The Government says:
“Individuals may want to sell an annuity, for instance, to provide a lump sum for relatives or dependants; pay off debts; in response to a change in circumstances, for example getting divorced or remarried; or to purchase a more flexible pension income product instead.”
The government has also indicated that the market will operate with your annuity income being offered at auction, with only financial institutions bidding for it. You sell it to the highest bidder for cash, then the annuity company pays the buyer the income that you would otherwise have been receiving until you die. The older or less healthy someone is, the less they will receive for their annuity as the buyer will only receive the income until the seller’s death.

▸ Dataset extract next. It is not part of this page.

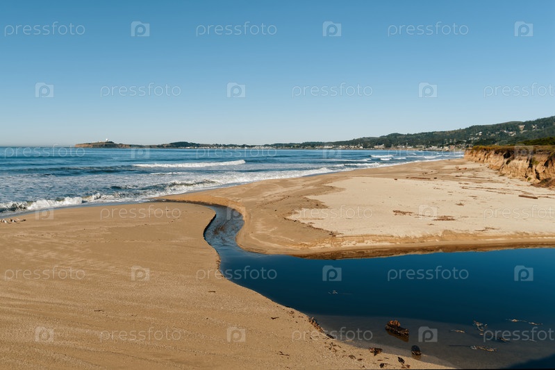 Красивое побережье с ручьями и скалами, спокойная калифорнийская береговая линия с нежными волнами и далекими холмами
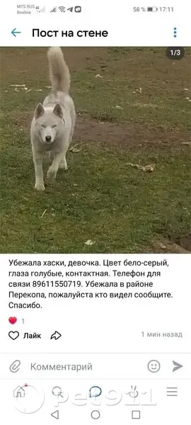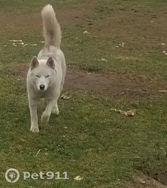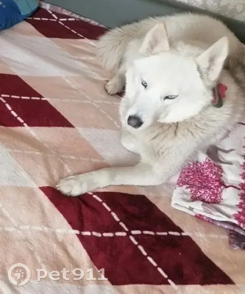 Белая девочка хаски, по хребту серая полоса, глаза голубые. Убежала из частного дома, ошейник и адресник остались на территории дома, очень хитрая девочка. Контактная.

Be aware that the cash you could receive on the sale of your annuity next year will be taxable in the same way as any other income you receive in that tax year. People wanting to sell their annuity income to a willing institutional buyer currently face a 55% tax charge, rising in some cases to 70%.
No second-hand market for annuities yet exists, so the government has launched a consultation on the measures needed to establish one. Like the new arrangements that enable pre-retiring individuals to cash in their pension pots, the second-hand market place could attract the attention of fraudsters and the government will also be working with the Financial Conduct Authority and other bodies, to put consumer protection measures in place as part of the consultation.